Records shown:

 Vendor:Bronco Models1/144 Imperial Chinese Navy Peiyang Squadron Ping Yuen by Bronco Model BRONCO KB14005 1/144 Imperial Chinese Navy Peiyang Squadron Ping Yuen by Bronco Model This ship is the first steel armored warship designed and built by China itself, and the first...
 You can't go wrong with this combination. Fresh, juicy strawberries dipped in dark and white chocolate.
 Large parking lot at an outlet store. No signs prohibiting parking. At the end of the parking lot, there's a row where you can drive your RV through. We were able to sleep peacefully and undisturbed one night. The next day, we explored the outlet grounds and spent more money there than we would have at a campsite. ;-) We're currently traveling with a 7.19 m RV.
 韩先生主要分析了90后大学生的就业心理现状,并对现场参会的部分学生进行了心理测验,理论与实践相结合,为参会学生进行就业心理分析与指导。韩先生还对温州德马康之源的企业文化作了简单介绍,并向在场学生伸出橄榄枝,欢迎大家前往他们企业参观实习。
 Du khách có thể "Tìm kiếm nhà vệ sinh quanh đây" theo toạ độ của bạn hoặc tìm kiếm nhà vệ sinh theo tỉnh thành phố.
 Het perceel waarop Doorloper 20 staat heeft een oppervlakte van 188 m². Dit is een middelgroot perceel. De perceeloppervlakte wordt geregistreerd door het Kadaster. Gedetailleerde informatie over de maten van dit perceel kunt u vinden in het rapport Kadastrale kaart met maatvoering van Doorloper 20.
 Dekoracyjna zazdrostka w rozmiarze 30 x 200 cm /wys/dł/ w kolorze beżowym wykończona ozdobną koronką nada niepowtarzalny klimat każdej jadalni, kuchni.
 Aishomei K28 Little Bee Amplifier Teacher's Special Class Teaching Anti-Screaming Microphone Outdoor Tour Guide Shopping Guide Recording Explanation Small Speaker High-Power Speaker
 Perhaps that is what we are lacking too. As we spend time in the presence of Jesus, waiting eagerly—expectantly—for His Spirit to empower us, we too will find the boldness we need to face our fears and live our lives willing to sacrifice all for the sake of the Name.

Work required: Write down the entries above again. Copy them word for word.

The answer:
 Vendor:Bronco Models1/144 Imperial Chinese Navy Peiyang Squadron Ping Yuen by Bronco Model BRONCO KB14005 1/144 Imperial Chinese Navy Peiyang Squadron Ping Yuen by Bronco Model This ship is the first steel armored warship designed and built by China itself, and the first...
 You can't go wrong with this combination. Fresh, juicy strawberries dipped in dark and white chocolate.
 Large parking lot at an outlet store. No signs prohibiting parking. At the end of the parking lot, there's a row where you can drive your RV through. We were able to sleep peacefully and undisturbed one night. The next day, we explored the outlet grounds and spent more money there than we would have at a campsite. ;-) We're currently traveling with a 7.19 m RV.
 韩先生主要分析了90后大学生的就业心理现状,并对现场参会的部分学生进行了心理测验,理论与实践相结合,为参会学生进行就业心理分析与指导。韩先生还对温州德马康之源的企业文化作了简单介绍,并向在场学生伸出橄榄枝,欢迎大家前往他们企业参观实习。
 Du khách có thể "Tìm kiếm nhà vệ sinh quanh đây" theo toạ độ của bạn hoặc tìm kiếm nhà vệ sinh theo tỉnh thành phố.
 Het perceel waarop Doorloper 20 staat heeft een oppervlakte van 188 m². Dit is een middelgroot perceel. De perceeloppervlakte wordt geregistreerd door het Kadaster. Gedetailleerde informatie over de maten van dit perceel kunt u vinden in het rapport Kadastrale kaart met maatvoering van Doorloper 20.
 Dekoracyjna zazdrostka w rozmiarze 30 x 200 cm /wys/dł/ w kolorze beżowym wykończona ozdobną koronką nada niepowtarzalny klimat każdej jadalni, kuchni.
 Aishomei K28 Little Bee Amplifier Teacher's Special Class Teaching Anti-Screaming Microphone Outdoor Tour Guide Shopping Guide Recording Explanation Small Speaker High-Power Speaker
 Perhaps that is what we are lacking too. As we spend time in the presence of Jesus, waiting eagerly—expectantly—for His Spirit to empower us, we too will find the boldness we need to face our fears and live our lives willing to sacrifice all for the sake of the Name.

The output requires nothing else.